Importance of service-user involvement and co-production in care
The importance of service-user involvement and coproduction in healthcare is that it allows to create an acceptable healthcare environment (Mazzei et al., 2020). This is because service-users involvement such as in this project the children in understanding importance of sleep hygiene would make them accept the selected care without objection as they feel and recognise through evidence out of involvement in care that it is for their better health condition (Beresford, 2019). The importance of coproduction and involvement of service users is that it allows the service users to inform their key needs and act along with the nurses to decide the best specific care to be provided to them (Williams et al., 2020). Thus, service-user involvement is required in current project as it ensures greater quality clinically and personally relevant care to be provided to patient.

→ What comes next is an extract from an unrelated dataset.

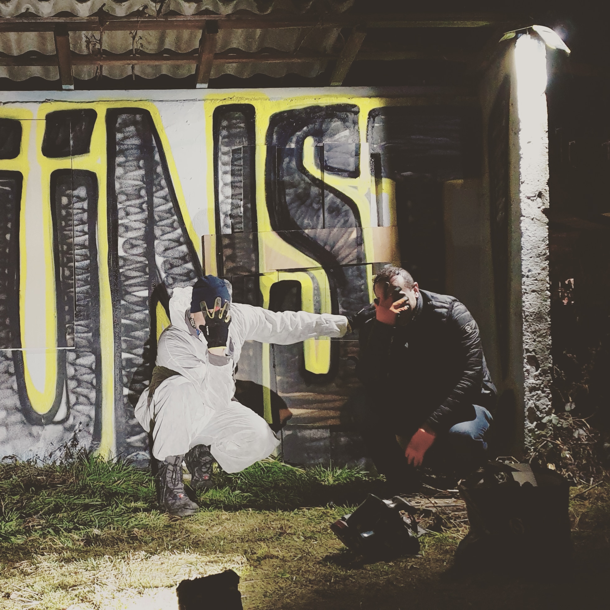 Kreativ auf der Baustelle: In einer abendlichen Aktion haben Giorgio Silvano, Thorsten Nees und Nikolaus Zirwes eine alte Gartenhütte zu einem eindrucksvollen Streetart-Kunstwerk gemacht.

The transformational leadership approach is used in the QI improvement project for sleep hygiene promotion in patient in the paediatric hospital. This is because such leaders work together with the team to inspire and motivate them for making the required change in the care environment rather than overshadowing them by playing superficial role of only directing them to make the change. Moreover, the current project improves patient care and service as it implements reduced screen time and relaxation techniques to reduce insomnia and sleep disturbance in patient. This meets the NMC Code of Practise guidance that mentions care is to be provided by acting in best interest of the patients by identifying their key needs as seen in this project where screen time and insomnia are factors of sleep disturbance in children at the hospital.